In demonstrating that such a definition is “neither constitutionally predetermined nor conceptually mandated,” Galbraith sets forth four potential means of limiting the executive power of diplomacy, including:

• limiting the power to encompass negotiation rather than policy;

• limiting the power to only “political” rather than “technical” matters;

• tying the power to certain institutional actors within the executive branch; and

• limiting the power within the context of participation in international organizations.

Rethinking Constitutional Control Over International Engagement

In this section, Galbraith sets forth three doctrinal approaches to the distribution of the power of diplomacy: exclusive control to the executive branch; ultimate control to Congress; and an intermediate option, which she favors while acknowledging that such a path would still leave much unsettled.
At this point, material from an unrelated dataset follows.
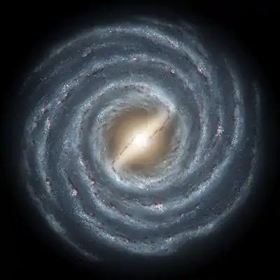 Like the Solar System, the Galaxy is shaped like a flat disk, but the Galaxy is much bigger. Our galaxy contains hundreds of billions of stars, and the Solar System is only one member contained inside. The Sun is located in the spiral arms of the galaxy about two thirds of the way from the center, and it orbits around the center of the galaxy with all the other stars. If the Milky Way were fifty miles long, the Solar System would only be a dot the size of the tip of a ball point pen. In actuality, the Galaxy is 100,000 light-years across, but only a few thousand light-years thick.
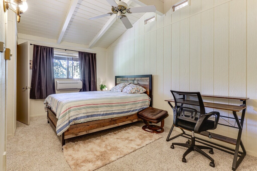 Your extended lakeside escape awaits in this inviting 3-bedroom, 2-bathroom home in Kelseyville. Perfect for a long-term stay, this property offers a private pool and easy access to the community boat launch, a prime spot for fishing and boating. Feel at home with its spacious layout and thoughtful amenities, ensuring a restful retreat. This home is designed for comfort and convenience, featuring a smart TV and two laptop-friendly workspaces for your remote work needs. The kitchen is fully equipped with a refrigerator, stove, oven, dishwasher, Keurig, espresso machine, and all the cooking essentials you need. Enjoy meals at the dining table or take advantage of the outdoor gas grill on the furnished patio. Pets are welcome with a $50 fee, and parking is available in the garage for two vehicles and on the driveway for two additional vehicles. Located in Lake County, this property offers easy access to the natural beauty of the area. Enjoy the community boat launch on Clear Lake for fishing and boating adventures. The home's location makes it an ideal base for exploring the surrounding attractions and enjoying the serene lakeside environment. This 2-story home features step-free entry, with one bedroom and one full bathroom on the first floor. The property is equipped with three exterior security cameras for your safety, facing the pool, patio, and front entry. No smoking, events, parties, or large gatherings are allowed. A photo ID may be required upon check-in. Includes two laptop-friendly workspaces, making it ideal for remote work with free WiFi throughout the home. [SI]

An intermediate doctrinal approach to the power of diplomacy could include limitations in each of the four categories. Galbraith’s first suggestion is to narrow the concept of “diplomacy” to negotiation and not policymaking. She also suggests that diplomacy powers could be limited to only the President and those executive agencies that focus primarily on foreign affairs, thus “allowing Congress to control nondiplomatic agencies as they engage abroad similarly to how Congress can control them as a matter of domestic law.” Moreover, even in international contexts, Congress could mandate statutory reporting requirements as a tool for oversight much the same way as they do for domestic issues.

Importantly, Congress has several available strategy options to increase its involvement in diplomacy. Congress could emphasize its views on diplomatic powers; formalize its legal reasoning; invoke “soft power” strategies to raise the cost of diplomacy for the executive branch; and/or challenge the executive branch’s assumed “exclusive” powers in court. The final suggestion — involving the courts — carries both significant risk and opportunity for Congress, and Congress has several avenues to pursue a case, if it desired.

The thought leadership put forth in this paper is “important not only for its treatment of this fascinating and understudied issue but also for what it contributes to more general debates in constitutional theory and practice.”

Galbraith encourages future scholars to consider the multitude of different legal questions this scholarship both raises and helps to answer. For example, this research demonstrates the counterintuitive phenomenon that transparency can, at times, be used as a “tool of power rather than constraint,” pointing to the OLC’s practice of generating a record of low-stakes precedent to build “valuable legitimacy for major moves down the road.” Further, this research also serves as a useful scholarly reminder of the strong historical support of Congress’s legitimate claim to some portion of the power to engage in international affairs. Lastly, the work also underscores the complex intersection of administrative and foreign relations law — an increasingly relevant and impactful nexus of study.

In closing, Galbraith reaffirms that “[i]t is time for a better structural allocation of power.”

“Future administrations will need to decide whether they wish to make indefensibly broad claims of exclusive executive power or instead pivot towards a more nuanced stance,” she writes. “If the executive branch does not cede ground of its own accord, then Congress has tools at its disposal to bolster its constitutional authority over international engagement.”